Likewise, we’ve seen the rise of far-right groups and authoritarian movements in the United Kingdom, Hungary, Poland, the Philippines, Brazil, Hong Kong, Turkey, and India. In the United States, extremists have captured an entire political party behind Donald Trump.

Did you notice how many of Trump’s slogans, strategies, and border policies echoed what has been going on in Japan for decades? We know they work because of Japan. Even Steve Bannon, Trump’s campaign strategist, expressly admitted that he modeled Trump’s movement on Japan’s former Prime Minister Shinzo Abe, whom he called “Trump before Trump.”
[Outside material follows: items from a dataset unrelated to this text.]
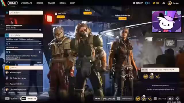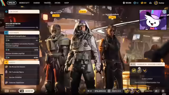 00:08:03Die Gruppe überlegt, welche Mission sie als Nächstes angehen soll. Zombey schlägt vor, den Raumhafen für Freeloadout zu besuchen, um Sonden zu looten und Kerne zu sammeln, da sein Inventar voll ist. Er muss sein Inventar leeren, entweder durch Verkaufen oder durch häufiges Verlieren in Matches. Es wird erwähnt, dass die Lautstärke des Atems im Spiel im Patch geändert wurde, ironischerweise aber lauter geworden ist. Dalu hat den Bunker schon einmal im PvP gemacht, und es wird eine Erfahrung geteilt, bei der ein freundlich scheinendes Team später das eigene Team erschoss. Zombey äußert den Wunsch nach einem Overhaul der Cosmetics, um Helme und Rüstungen besser kombinieren zu können. Die Gruppe entscheidet sich, den Raumhafen zu besuchen, um ihr Inventar zu leeren und Materialien zu sammeln.
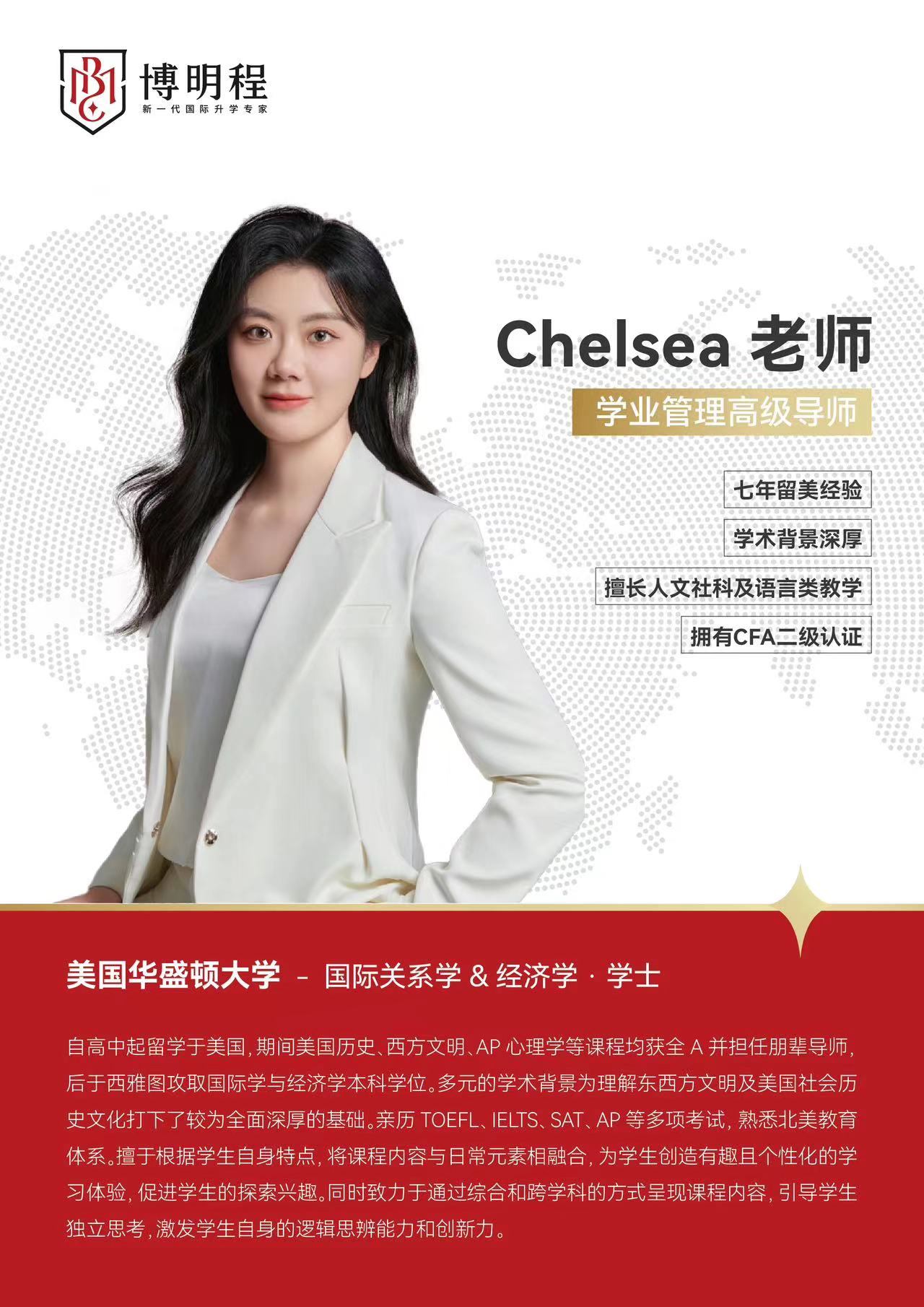 在教育的广阔天地中,有一位学业管理的高级导师,她就是Chelsea老师。拥有七年的留美经历,Chelsea老师不仅积累了深厚的学术背景,更在人文社科及语言类教学领域展现出卓越的能力。
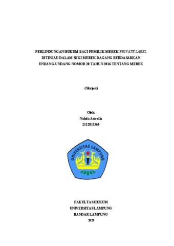 NAHDA , ASTRELLA (2025) PERLINDUNGAN HUKUM BAGI PEMILIK MEREK PRIVATE LABEL DITINJAU DALAM SEGI MEREK DAGANG BERDASARKAN UNDANG-UNDANG NOMOR 20 TAHUN 2016 TENTANG MEREK. FAKULTAS HUKUM, UNIVERSITAS LAMPUNG.
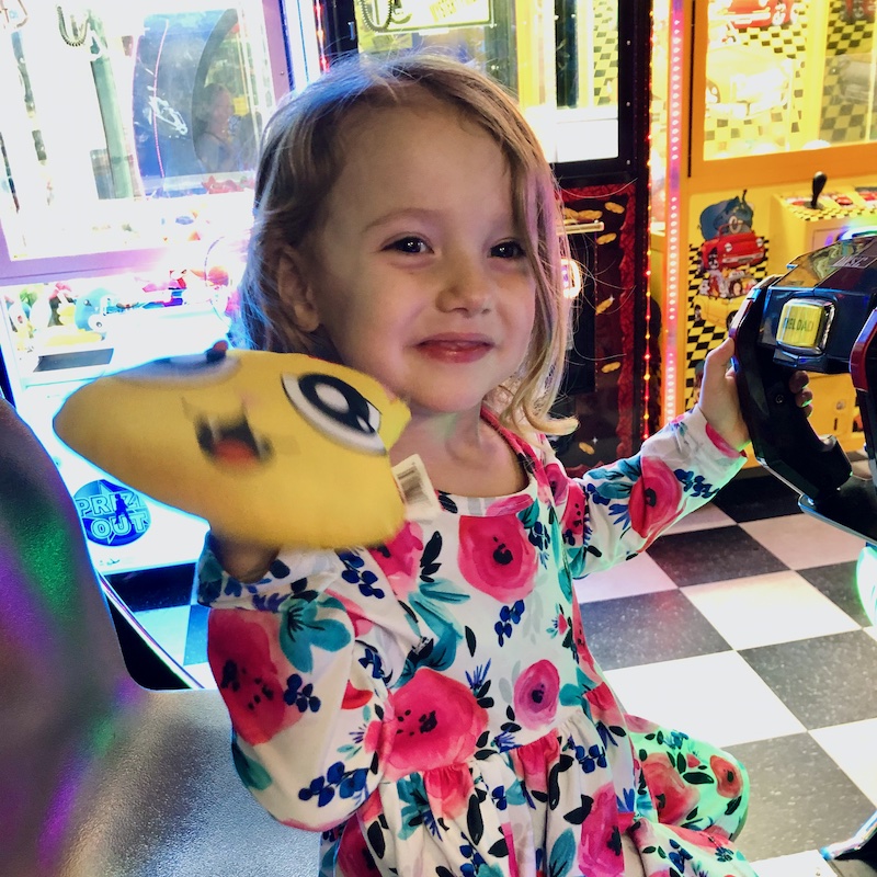 We hung out in the arcade instead and actually won a prize in the claw machine. I feel like that’s usually impossible but we did it together and won on the first try. Definitely a special moment together! She was so happy to just look at all the games and didn’t complain about not being able to bowl.

The conclusion is that my second edition of Embedded Racism is a clarion call for liberals and progressives to wake up, and get ready to defend democracy from the ethnocentrists. Fight with all your might the fiction that the way to deal with a race problem is to exclude and cleanse races from your society. That’s the Japan template. Don’t let it be yours.

Again, if you leave discrimination alone, it spreads. Leaving Japan alone to practice its embedded racism has finally reached the point of blowback. It’s time for a new set of templates to fight racial discrimination in the world, including and especially Japan’s.

Overseas policymakers should also be ready to make Japan take responsibility for what it’s wrought upon the world. It’s time to pressure the Japanese government to observe its treaty promise to the United Nations more than 25 years ago—passing a law against racial discrimination—and begin the process of enfranchising its minority voices.

That includes doing more than just scolding or issuing strongly worded letters. I suggest putting pressure where Japan’s elites care—limiting access to overseas markets. Or else Japan will remain a fast breeder reactor of racism irradiating the rest of the democratic world.